In 2019, after the Big Four bailed out The Scotsman’s Fringe coverage on the eve of the festival, Nica Burns used her awards dinner speech to propose a summit on the future of Fringe media.

“We can’t come back … without having done everything we possibly can to ensure the long-term critical coverage of the Fringe. What happened at The Scotsman was more than just a warning. The time for moaning is over. We need to take action. I’m calling for a summit to address the future press strategy for the Fringe. If sponsorship is the answer, if money is to be found, we must find it.”

The summit never happened. COVID can’t be blamed; it was slated for Autumn 2019.

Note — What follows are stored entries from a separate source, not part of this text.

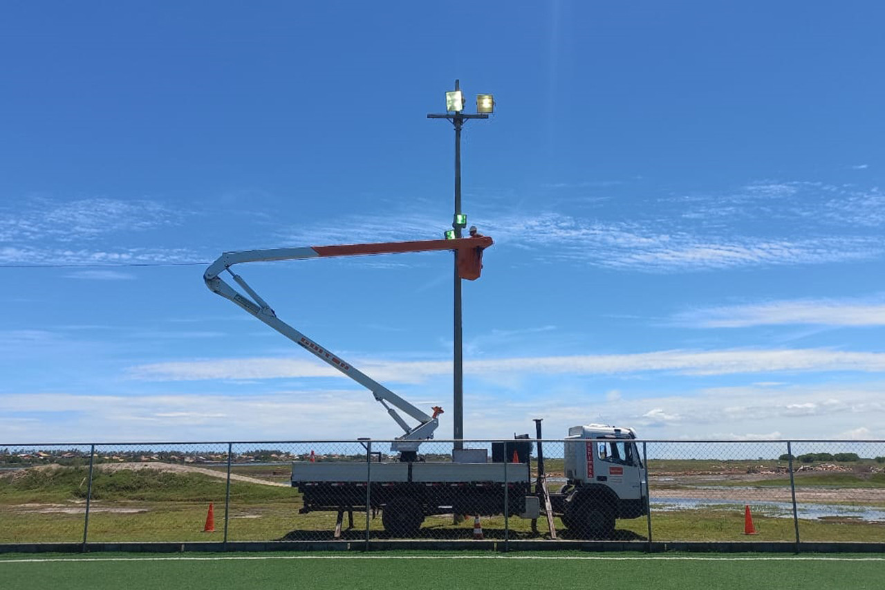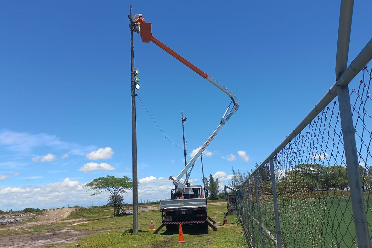 Equipes estão realizando a instalação de refletores, troca de disjuntores, substituição de lâmpadas queimadas e manutenção regular do parque de iluminação
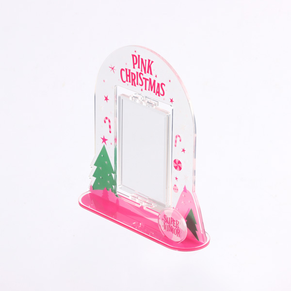 产品名称:粉色圣诞亚克力旋转支架套装 (框架1个,照片卡持有器部件3个,旋转部件2个,团体名称部件1个,底座1个,双面照片卡1个)
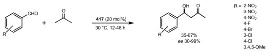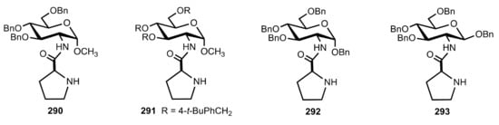 Two reviews [14,15] were focused on carbohydrate-based ligands and chiral auxiliaries, while the use of sugars as organocatalysts was only reported in a very short section at the end of the paper. A book’s chapter published in 2013 [16] reviewed the synthesis and applications of a very limited number of sugar-based organocatalysts. Another short review [17] covered the synthetic applications of various families of sugar organocatalysts without describing the preparation of the latter. A recent, short review [18] was almost exclusively devoted to sugars as phosphorous, sulphur and nitrogen ligands, and the sugar-based organocatalysts were only mentioned in a one-page section at the end of the article.
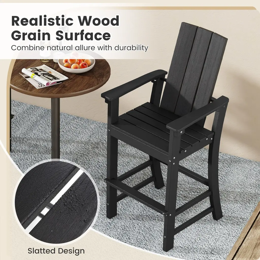 Tall Adirondack Chair Outdoor Bar Stool With Ergonomic Backrest For Backyard - 27.5" X 23" X 52" (L X W X H) - Black
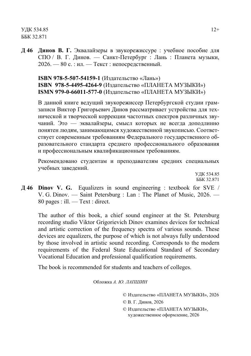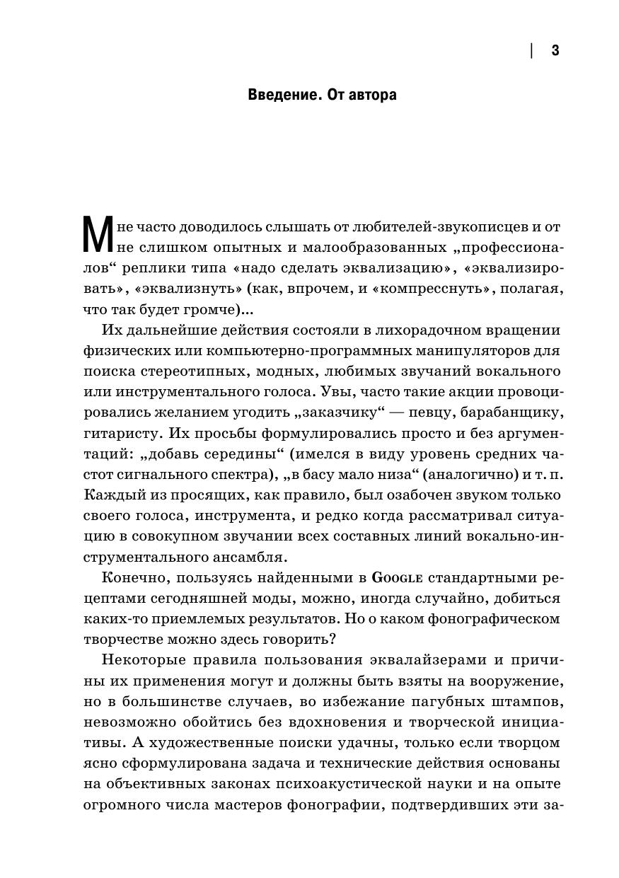 В данной книге ведущий звукорежиссёр Петербургской студии грамзаписи Виктор Григорьевич Динов рассматривает устройства для технической и творческой коррекции частотных спектров различных звучаний. Это — эквалайзеры, смысл которых не всегда доподлинно понятен людям, занимающимся художественной звукописью. Соответствует современным требованиям Федерального государственного образовательного стандарта среднего профессионального образования и профессиональным квалификационным требованиям. Рекомендовано студентам и преподавателям средних специальных учебных заведений. The author of this book, a chief sound engineer at the St. Petersburg recording studio Viktor Grigorievich Dinov examines devices for technical and artistic correction of the frequency spectra of various sounds. These devices are equalizers, the purpose of which is not always fully understood by those involved in artistic sound recording. Corresponds to the modern requirements of the Federal State Educational Standard of Secondary Vocational Education and professional qualification requirements. The book is recommended for students and teachers of colleges.

We now see the result of that – in continued complaints from performers that they can’t get reviews, in observations like this one from Lyn Gardner in the Stage and in the struggles of organisations like our own to justify the personal and financial cost of a continued presence.

There have been tactical interventions. We now know that some journalists from some publications were found accommodation by the Fringe Society via a link up with Edinburgh University.

Broadway Baby, historically the Fringe’s most prolific reviewers, refused to participate in the Fringe Society’s Meet The Media event in protest at the favouring of national media over Fringe specialists. While that was not an action we took ourselves, it’s a stance we respect.

Fringe participants can judge for themselves whether the homing of selected press is a worthwhile endeavour for the Fringe Society to be pursuing. But observe the media landscape…

There are those of us who do our utmost to give every performer at the Fringe a fair bite of the media cherry. We show up for performers at Meet The Media. We make ourselves available through social media to give advice. We direct our writers to forgotten shows. We get to every corner of the Fringe we can.

There are others who are conspicuous by their absence at participant events and spend the majority of their time at Pleasance Courtyard and Summerhall.

Who is more in tune with what the Fringe purports to be? Who does the Fringe want to support to be here and why?

Moreover, why are we still in a situation where performers are complaining about lack of media coverage?

There are 3000 shows. There are way more than 3000 reviews written. In figures that used to be calculated by The List, there were 4,878 reviews written by the leading publications in 2019, not counting the dozens of smaller, independent outlets and solo reviewers. What we have is not a critic shortage, but critics flocking to the same shows. While no-one would want to compromise any publication’s editorial independence or their right to comment on any year’s talking points, what are we doing to incentivise a broader spectrum of reviews? Why has no-one approached me, or, as far as I know, fellow online editors, with a serious proposition on how this situation can be resolved?

For example, for a tiny fraction of what gets spent on Fringe PR each year, I could assemble a first class team of writers and commission them to review specific shows, the ones that actually need reviewing, instead of having to rely on our volunteer writers’ goodwill to choose an unappreciated show over something they’ve heard all about and want to see for themselves.

This is a market problem and it’s a market problem that won’t get solved without intervention. The people with the clout to make that intervention are simply not making it. And any intervention that does get made (see Mediaflatgate) is in the other direction – to benefit the few.

I am serious about what The Wee Review do. This is not a jolly for free tickets and a booze-up in the Loft Bar. It’s hard work, currently undertaken at our own expense, because we want to make a difference. In 2019, we were the second most prolific reviewers, behind only the subsidised Scotsman, doing over 700 reviews. We’re operating at around half that level this year because that effort can no longer be justified. That’s 350 performers that aren’t getting coverage, not because we won’t, but because we can’t, not without better support. That means money and it means greater respect.

I am therefore picking up from Nica Burns’ 2019 speech. I raised the point at the Fringe AGM and await a fuller response than was possible in those confines. I am asking for the summit that never happened, I am asking for the strategy and sponsorship that was suggested and I am asking for 20th century pre-conceptions of how Fringe media works to be left at the door. Dare I say it – I’m asking for the unthinkable to be thought, that maybe The Guardian doesn’t love the Fringe as much as the Fringe loves The Guardian. Maybe we poor relations of the Fringe reviewing fraternity need to be more lovingly embraced before we reluctantly have to depart too.

A quote from Kate Copstick in Broadway Baby’s Meet The Media statement struck a chord with me this year: “Someone, somewhere, has to start just saying no”. Until there is a sensible, forward-thinking solution on how we progress Fringe media, no is now my default answer.